Consumer lawyers have been traveling to a remote 160-acre farm in the mountains of western North Carolina since 2006 to network, drink Scotch and prepare for legal combat in foreclosure and bankruptcy cases.
They arrive in groups of a dozen or so for a four-day boot camp where they learn how to protect their clients’ assets by exploiting the mistakes of creditors. Attendees these days are especially keen on strategies to fend off mortgage lenders and servicers seeking to seize their clients’ homes.
Their instructor is O. Max Gardner III, a 65-year-old bankruptcy litigator and grandson of a North Carolina governor, who was using flaws in mortgage servicing to stave off lenders years before cases involving shoddy paperwork spurred this month’s investigation of the industry by the attorneys general of all 50 states. He charges $7,775 for the program, which covers 3,000 pages of materials, lodging, food and unlimited wine, beer and single-malt Scotch.
“My time with Max changed the trajectory of my legal career,” said Nick Wooten, 40, an Alabama attorney who changed his focus from personal injury to bankruptcy and foreclosure after attending the boot camp in 2007. “Knowledge is power, and one thing he is able to give in his boot camp is a tremendous amount of knowledge about how the other side operates.”

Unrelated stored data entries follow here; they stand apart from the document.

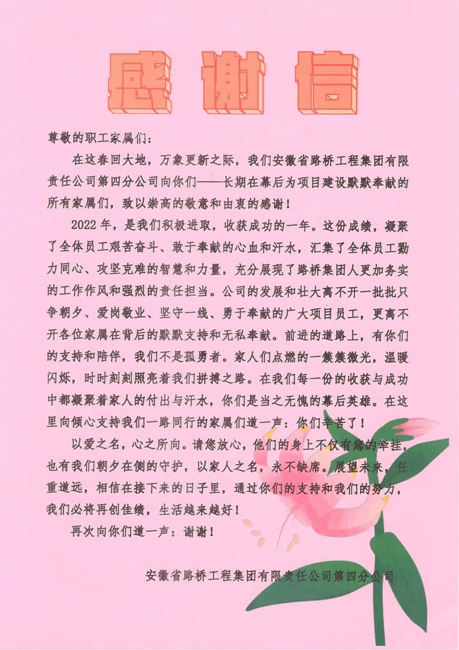 本次活動從策劃方案、選購慰問品、起草慰問信等,每一個小細節(jié)都滿載著四分公司黨政工團對員工及家屬的厚愛和感激之情。下階段,四分公司將持續(xù)聚焦項目職工所需所盼,把職工冷暖放在心里,以傳遞關(guān)懷、情暖后方的實際行動,解職工憂、暖職工心,全力做好項目職工的后方保障工作,讓項目職工切實感受到分公司的關(guān)懷和重視,踔厲奮發(fā),勇毅前行,為助力公司高質(zhì)量發(fā)展匯聚奮進力量。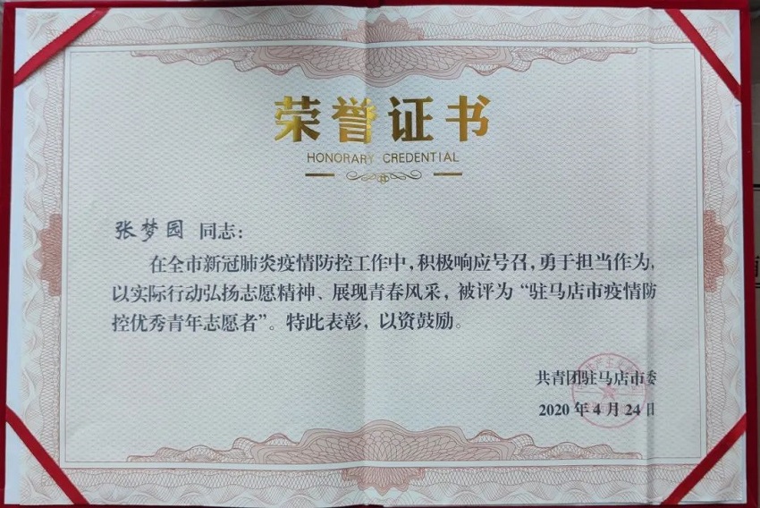 平正公司團工委榮獲“駐馬店市五四紅旗團委”稱號,辦公室(黨群辦公室)綜合干事張夢園榮獲“駐馬店市疫情防控優秀青年志愿者”稱號
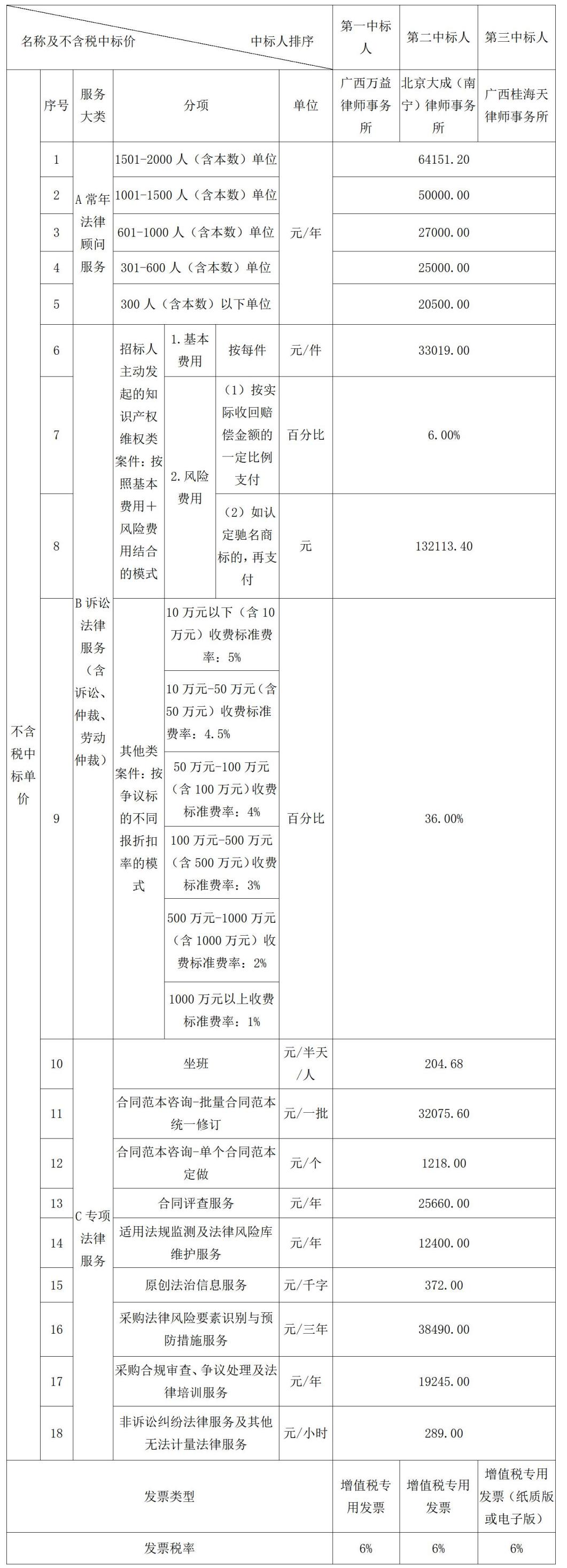 五、招标结果信息: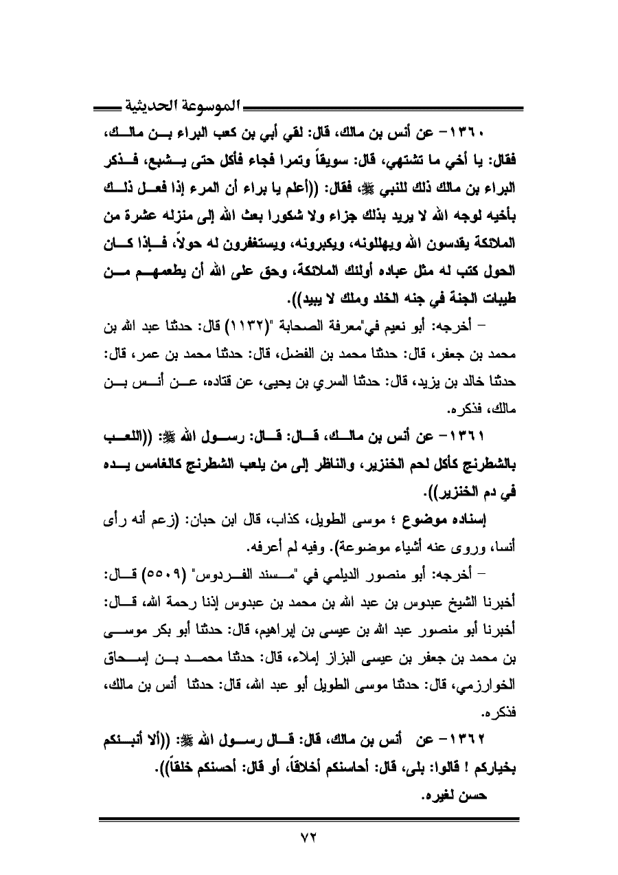 ١٣٦٠ - عن أنس بن مالك، قال: لقى أبي بن كعب البراء بن مالك، فقال: يا أخى ما تشتهى، قال: سويقًا وتمرا فجاء فأكل حتى يشبع، فذكر البراء بن مالك ذلك للنبي -صلى الله عليه وسلم-، فقال: "أعلم يا براء أن المرء إذا فعل ذلك بأخيه لوجه الله لا يريد بذلك جزاء ولا شكورا بعث الله إلى منزله عشرة من الملائكة يقدسون الله ويهللونه، ويكبرونه، ويستغفرون له حولًا، فإذا كان الحول كتب له مثل عباده أولئك الملائكة، وحق على الله أن يطعمهم من طيبات الجنة في جنه الخلد وملك لا يبيد".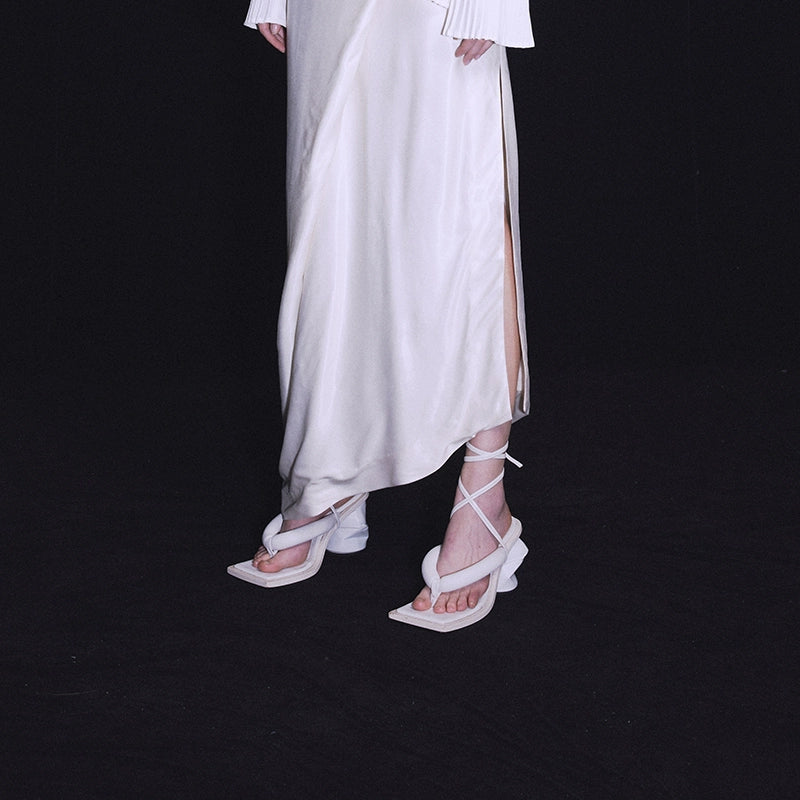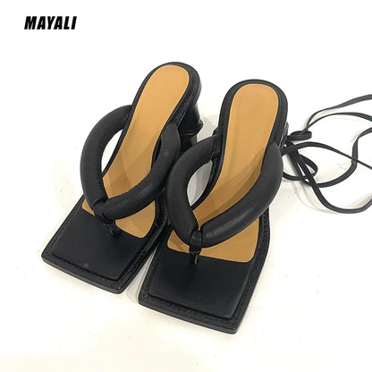 Mayali square toe heeled clip-on sandals leather strap heels - Igore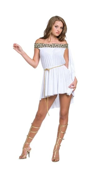 Costume includes:Off shoulder mini dress with flared skirt, Grecian style band top design and gold colored rope.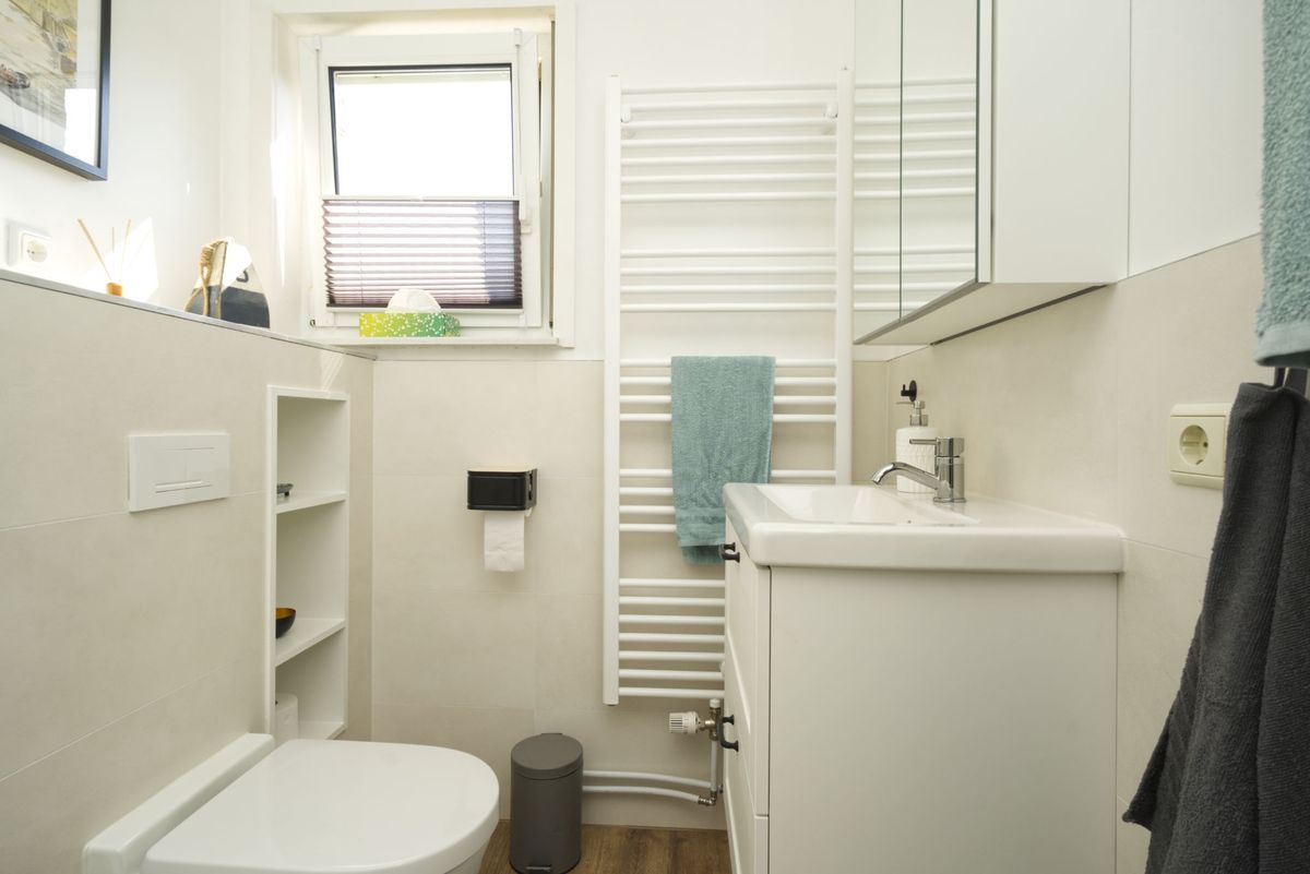 Fahrräder stehen sicher im eigenen Fahrradraum. Ein Pkw Stellplatz gehört zur Wohnung.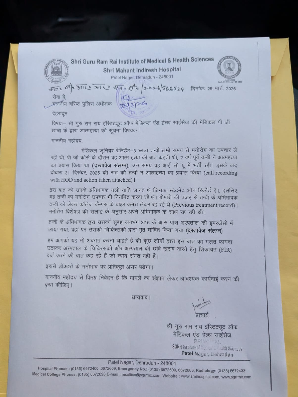 इस मामले पर एस जी आर आर मेडिकल कॉलेज ने वरिष्ठ पुलिस अधीक्षक देहरादून को पत्र लिखकर पूरे घटनाक्रम से अवगत करवाया है. एस जी आर आर मेडिकल कॉलेज ने डॉक्टर तन्वी के मनोरोग उपचार के आवश्यक दस्तावेज और मेडिकल रिपोर्ट भी लगाकर दी हैँ.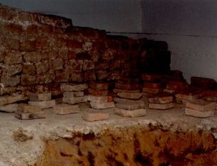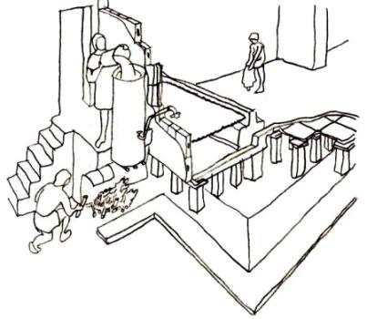 Usually they went to the baths for two hours: First they went into the trepidarium (warm bath for relaxation), then into the caldarium. The so-called hot, steamy bath was a basin filled with hot water in a steamy room. Finally they went to the frigidarium, which was outside. The baths were heated with an underground furnace, the walls were heated through tiles. Slaves continuously poked the fire, which was necessary to keep the heating going. Above the furnace water was heated in a boiler and went directly from there into the basins. Because the Romans frequently went to these baths, they needed water in vast amounts. | ![]() |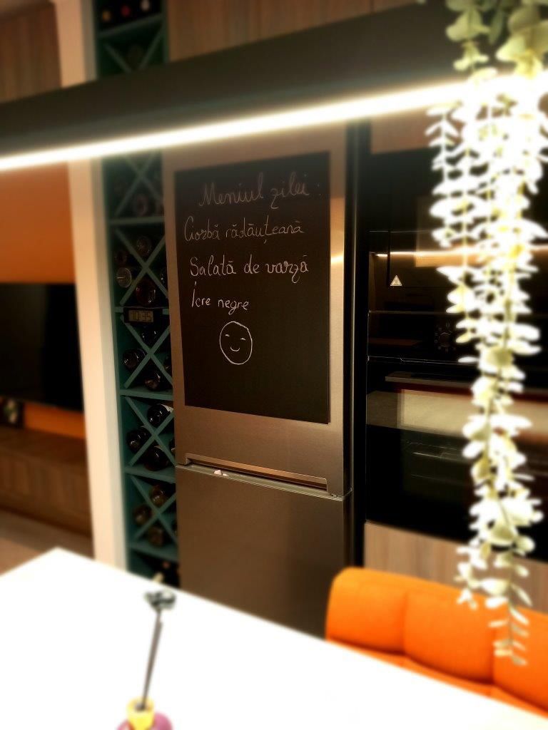 “Combina frigorifica Beko, cuptoarele de la Heinner, plita de la Hansa, chiuveta de la Pyramis, canapeaua Marbela (cu caracteristica pentru dormit noapte de noapte) de la Dumonde Sibiu (sunt foarte incantat de calitatea ei), masuta de cafea si puful gri de la jysk, montat pe un suport metalic facut de mine, masuta cu floare din colt este facuta dintr-un ghiveci de lut de la Ikea cu blatul de la o masuta de la Jysk pe care am vopsit-o in roz mat (picioarele masutei le-am pus la comoda de sub tv)” ne povesteste Catalin cu mult entuziasm.

Participants, who are admitted only after a background check confirms that they don’t work for creditors, gain access to a private e-mail distribution list where they share legal strategies, documents and advice. Linda Tir elli, a consumer-bankruptcy attorney in New York and Connecticut and one of the 599 people who have gone through the program, said she feels like she’s now part of a big law firm.
“It’s a fraternity,” Tirelli said. “We don’t see each other as competition. We want more attorneys to join because the more we have the better.”
While Gardner and some of his graduates have been winning settlements for years, it wasn’t until Ally Financial’s GMAC Mortgage unit said last month that it was halting some evictions that foreclosure documentation and the use of robo-signers became a national issue that threatened to stall sales of repossessed homes.
“We had a steep hill to climb to convince the judges that the largest financial institutions in America were engaged in this kind of conduct,” Gardner said in an interview during a break in this month’s session.
Students travel along a gravel road to reach Gardner’s place in the South Mountains about 60 miles northwest of Charlotte, N.C. They sleep in cabins and swap stories over meals prepared by Gardner’s wife, Victoria, in the family’s three-story log cabin-style house on a hill overlooking a spring-fed pond.
During days that run 10 to 12 hours, Gardner lectures on topics including “Max’s Favorite Discovery Devices,” “Strategy to Trap Opponents in their Own Mistakes,” “Mortgage Servicing Litigation: How the Legal Network for Creditors is Organized” and “The Alphabet Problem, A to D Unlawful Transfer of Mortgages and Notes.”
The heart of Gardner’s strategy is to uncover omissions and errors in mortgage securitizations, the process in which thousands of loans are bundled into bonds and sold to investors. Securitizations are plagued by lost promissory notes and missing or inconsistent tracking of changes in loan ownership, Gardner said in the interview. Servicers processing default actions papered over the errors with improperly prepared affidavits and after-the-fact assignments of mortgages, he said.
The materials supplied to students on thumb-size data-storage units include “Max Gardner’s Top Road Signs of Bogus Mortgage Documents,” a list that has been updated and expanded since it first appeared in the boot-camp materials in January 2006, he said. The last of the 66 tips for spotting irregularities is if the document is signed by any of 295 people, whom he lists by name.
“What the grand scheme is here is not what I’m teaching because honestly I don’t know,” Gardner said. “What I want them to understand is what happened and how it happened and how they can identify the improper unlawful documents and what they can do with them.”